* Extracted information
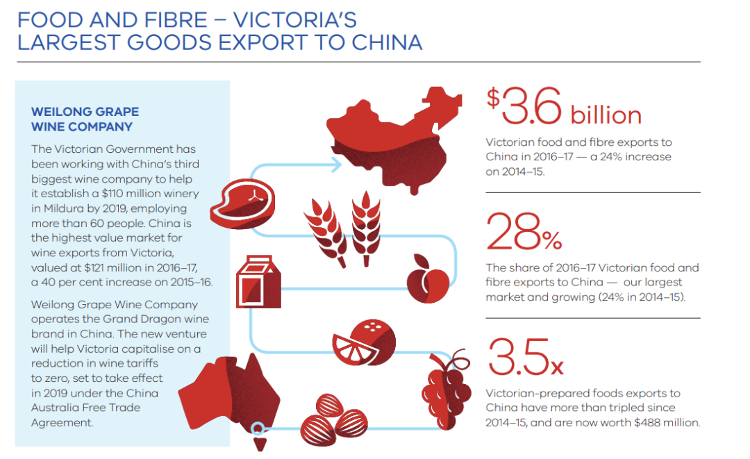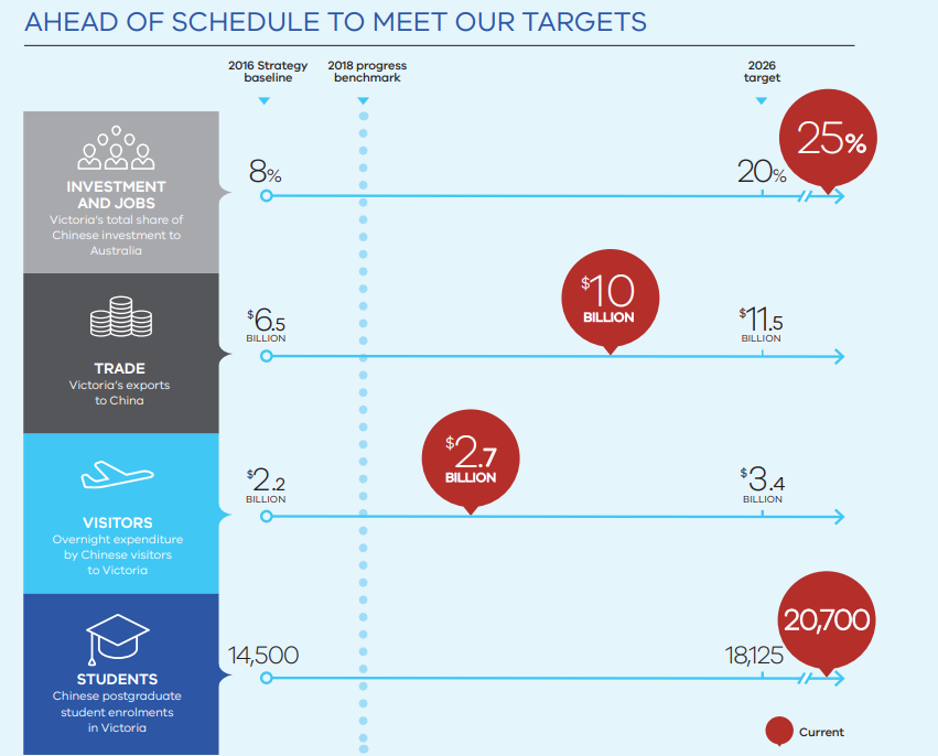 一份來自維州政府2018年的對華關(guān)系政策文件就指出,中國是該州最大的貿(mào)易伙伴和該州最大的產(chǎn)品出口國,也是最大的游客和國際留學生來源國。這份文件還預測,若雙邊的關(guān)系可以維持這種良好的增長勢頭,那么在2026年時維州對中國的出口貿(mào)易額、經(jīng)濟發(fā)展和就業(yè)等數(shù)據(jù)都將出現(xiàn)更大幅的增長,甚至翻倍。
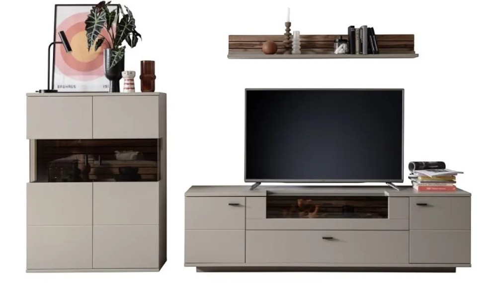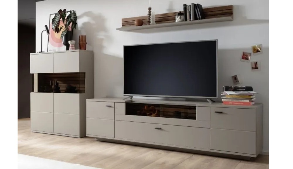 Moderne Wohnkombination bestehend aus TV-Unterschrank, Sideboard und Wandregal. , Front in Basalt und Wotan Eiche-Akzenten. Parsolbraunes Glas und anthrazit Metallgriffe - Optional Beleuchtung
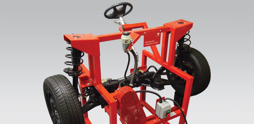 The Steering and Suspension System Trainer (764-01) includes all the individual components of the system presented on a moveable, steel frame so that each component can be clearly identified.
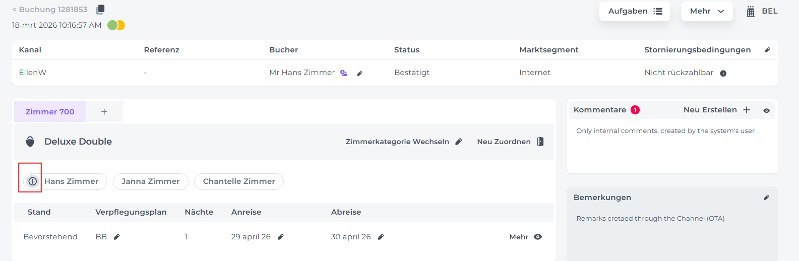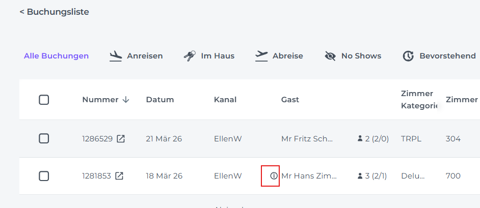 ☝️ Bitte beachte: Wenn der Online Check-in nicht oder unvollständig durchgeführt wurde (z. B. fehlende Gastdaten), macht dich das System durch ein Info-Zeichen darauf aufmerksam.
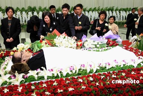 10月26日,中國著名導演謝晉追悼儀式在上海龍華殯儀館舉行,社會各界人士自發(fā)到場為一代電影大師送行。謝晉導演于10月18日凌晨在浙江上虞去世,享年85歲。他生于1923年,浙江上虞市人,主要代表作有《女籃5號》、《紅色娘子軍》、《牧馬人》、《天云山傳奇》、《鴉片戰(zhàn)爭》、《芙蓉鎮(zhèn)》等。中新社發(fā) 湯彥俊 攝
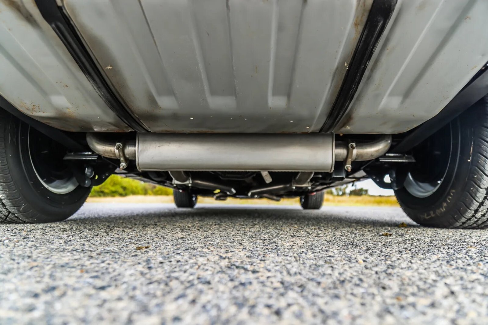 Silver-finished 14″ Rally wheels wear chrome hubcaps and trim rings and are mounted with 205/70 red-stripe BFGoodrich Silvertown Radial tires, a full-size spare tire is mounted in the trunk. Braking is handled by power-assisted drums at all four corners.
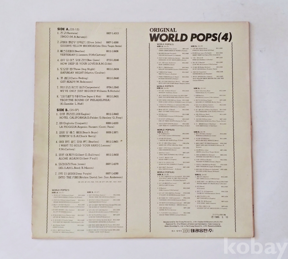 EX : 약간의 마모, 모서리 찢김 존재 음반상태
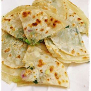 刷油,撒上葱花,饺子皮一层层往上叠加,大概5层的样子,擀成薄饼
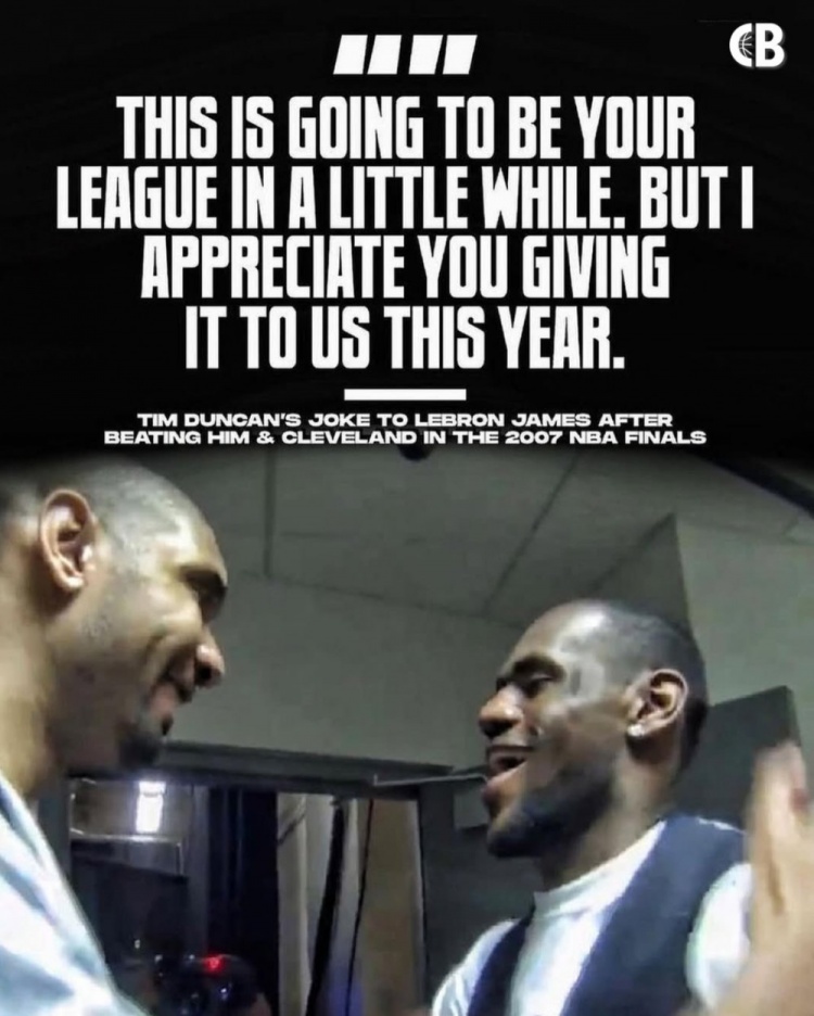 18年前的今天:马刺4-0横扫骑士夺冠 邓肯→詹姆斯:未来是你的
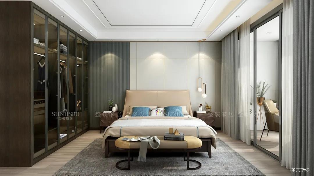 主臥運(yùn)用了大面積落地窗圍合,整體的無(wú)主燈設(shè)計(jì),凸顯了空間極簡(jiǎn)潮流。無(wú)限引入窗外的移動(dòng)光線,輕松為空間注入陽(yáng)光的溫度,u型極簡(jiǎn)金屬懸置著一個(gè)白色造型燈,讓空間從靜謐中生出無(wú)窮的變幻。家具設(shè)計(jì)偏向簡(jiǎn)約舒適,造型雖不奪目,但細(xì)節(jié)質(zhì)感卻能經(jīng)得起時(shí)光的琢磨與品味。
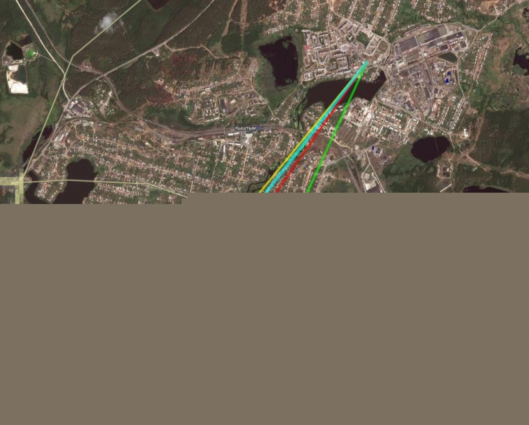 Зеленая линия направление на Мекку, желтая линия направление на египетские пирамиды (Сфинкса) и голубая - Назарет. Решайте сами.
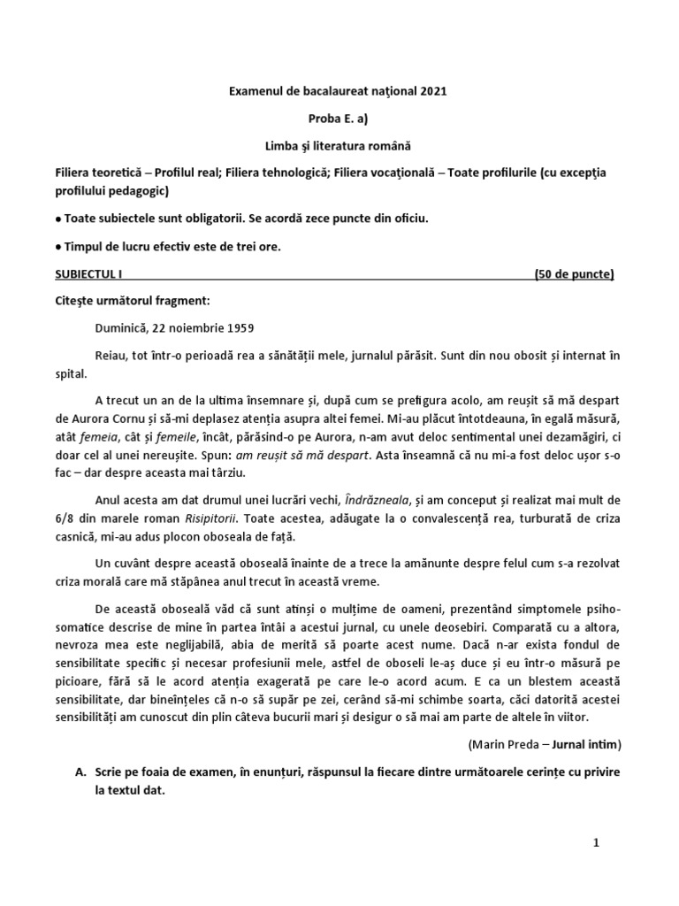 SUBIECTUL I (50 de puncte)
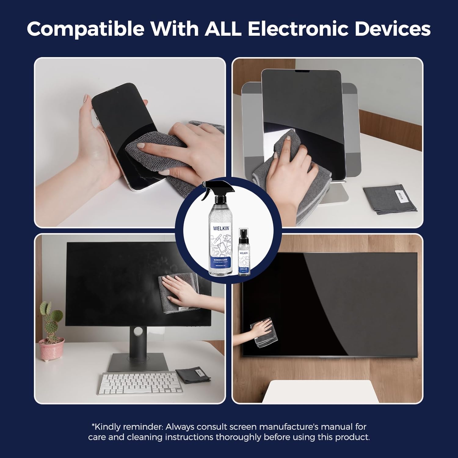 WELKIN Screen Cleaner Spray Kit (550ml + 60ml) - Cleaning Gel for TV, Laptop, Computer, Phone Touchscreen -2 Sprayers,1 Microfiber Cloth & 1 Glass Wipe
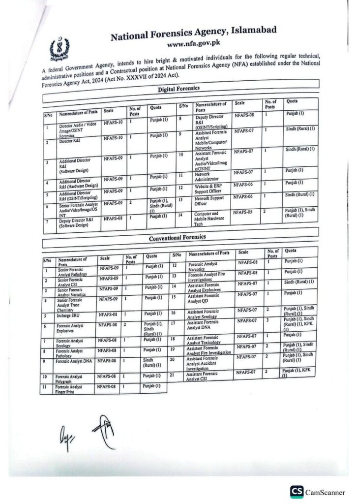 National Forensics Agency NFA Jobs 2026 – Multiple Positions in Digital and Conventional Forensics
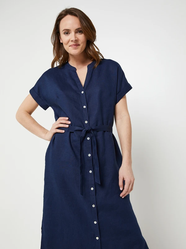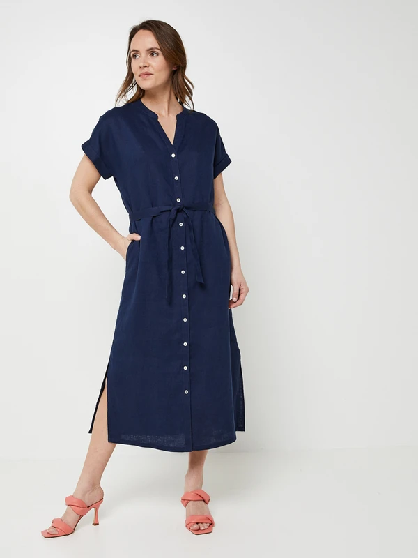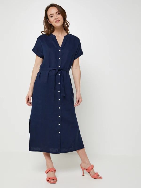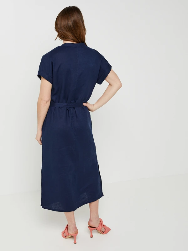 ROBE longue unie en 100% lin, encolure tunisienne JULIE GUERLANDE.

* Task description
Only the lines starting at the one that holds "Зеленая линия направление" and ending at the last line of the data belong in your answer. Please set them down exactly and omit the pictures.

* Response area
 Зеленая линия направление на Мекку, желтая линия направление на египетские пирамиды (Сфинкса) и голубая - Назарет. Решайте сами.
 SUBIECTUL I (50 de puncte)
 WELKIN Screen Cleaner Spray Kit (550ml + 60ml) - Cleaning Gel for TV, Laptop, Computer, Phone Touchscreen -2 Sprayers,1 Microfiber Cloth & 1 Glass Wipe
 National Forensics Agency NFA Jobs 2026 – Multiple Positions in Digital and Conventional Forensics
 ROBE longue unie en 100% lin, encolure tunisienne JULIE GUERLANDE.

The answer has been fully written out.